Michigan Capitol Building
Posted at 7:38 AM, Apr 22, 2021
and last updated 2021-04-22 07:38:17-04

LANSING, Mich. (AP) — New bipartisan ethics legislation in the Michigan House would require financial disclosures from lawmakers and top state officials and prohibit them from becoming lobbyists for two years after their tenure.

The bills, introduced Wednesday, are part of a broader package that supporters say is designed to boost transparency, heighten ethical standards and improve accountability. It is a top priority for leaders in both parties in coming weeks.

Some initiatives, such as opening the Legislature and governor's office to public-records requests and requiring a supermajority to pass legislation in postelection “lame-duck” sessions, were approved earlier this year and are pending in the Senate. Other bills are new, including a proposed requirement that money spent to lobby legislative and gubernatorial staff is disclosed.

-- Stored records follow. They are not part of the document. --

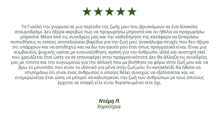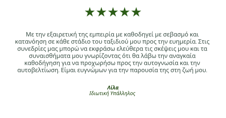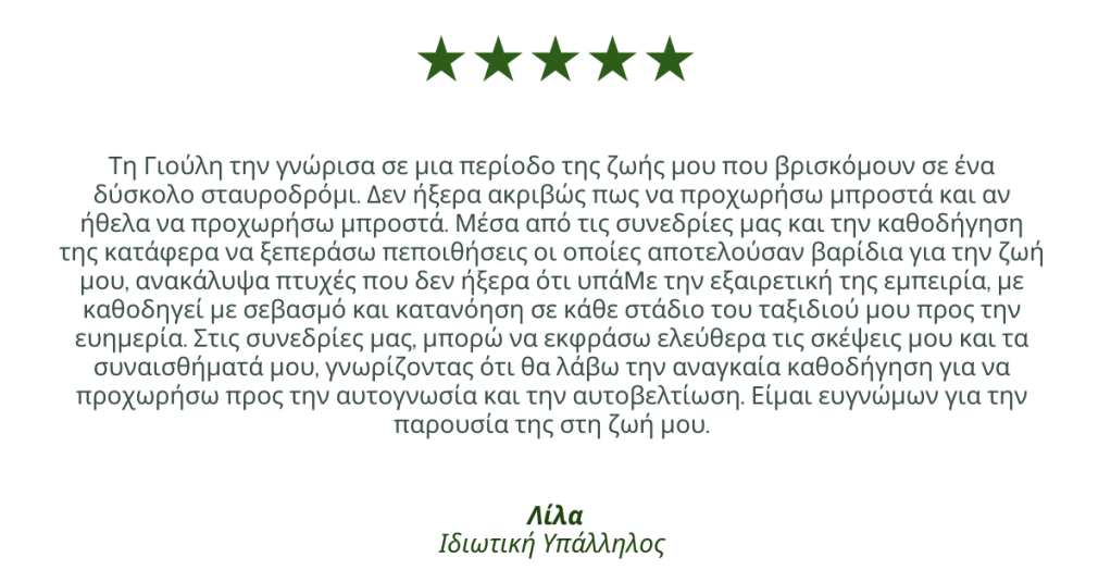 Ανεξαρτήτως αν παλεύετε με ζητήματα σχέσεων, αναζητάτε καθοδήγηση ώστε να διαχειριστείτε αλλαγές στη ζωή σας ή απλώς αναζητάτε προσωπική ανάπτυξη, είμαστε εδώ για να σας βοηθήσουμε να κατανοήσετε τον εαυτό σας και τον τρόπο που αντιδράτε, να αναπτύξετε δεξιότητες αντιμετώπισης καταστάσεων και να προωθήσετε θετικές αλλαγές στη ζωή σας.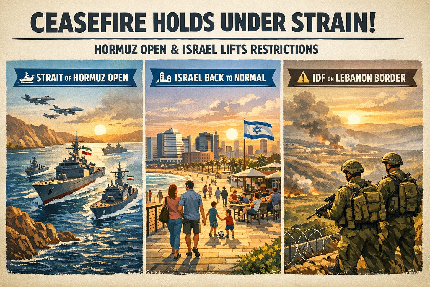 ⚠️ CEASEFIRE HOLDS UNDER STRAIN AS IRAN OPENS HORMUZ AND ISRAEL LIFTS RESTRICTIONS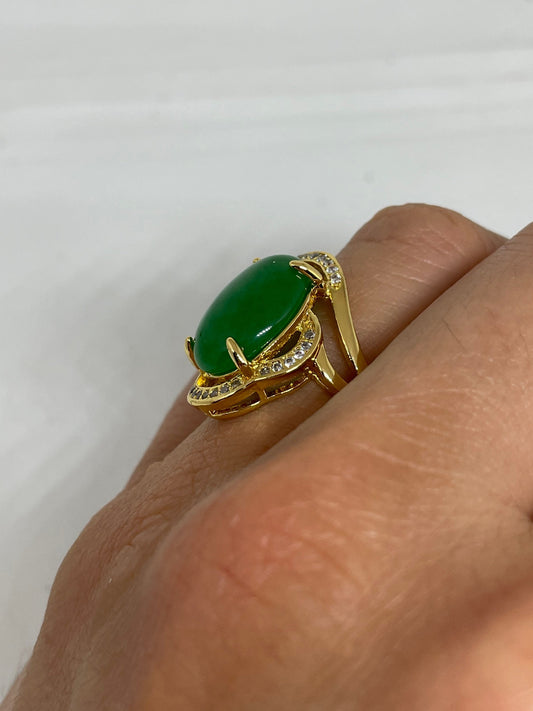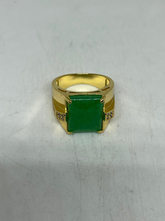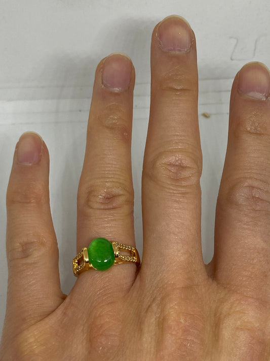 Vintage Lucky Green Nephrite Jade Golden Ring

Republicans and Democrats in the GOP-led House also want to create legislative ethics committees and to authorize each chamber, with a two-thirds vote, to suspend the salary and expense allowance of a legislator who acts unethically or is excessively absent.

Michigan is one of just two states where lawmakers pass and reject laws without the public knowing about their personal finances. Other state elected officials do not have to file disclosures either, though governors typically voluntarily release portions of their tax returns while gubernatorial candidates in the last election voluntarily issued versions of financial disclosure statements.

Under the legislation, legislators and high-ranking executive branch officials would have to disclose their finances. But the forms would not be made public until they leave office. Instead, one of two ethics panels would have the information and keep tabs on potential conflicts of interest.

House Speaker Jason Wentworth, a Farwell Republican, said some current rules are “bizarre” and show why people are losing faith in government.

"We must do better and hold ourselves to a higher standard,” he said in a statement.

"The people are asked too often to simply trust that elected officials are acting in the public interest and holding themselves accountable. That’s a failed, unacceptable system,” said House Minority Leader Donna Lasinski, a Democrat from Washtenaw County's Scio Township.

It was not immediately clear how the bills, once passed, will fare in the GOP-controlled Senate. Abby Walls, spokeswoman for Senate Majority Leader Mike Shirkey, said he “is supportive of the idea that government should be accountable to citizens. We look forward to working through the legislative process.”

Shirkey in the past has expressed concern about some elements of the Freedom of Information Act bills and has opposed financial disclosure legislation.

But he told The Detroit News editorial board recently that a FOIA package is “very close” to being passed. He also said the financial disclosure proposal “has been crafted in a way that I think we can live with because I didn’t want that to get into your hands while people are serving and just give people a hard time over what their personal financial statements are.”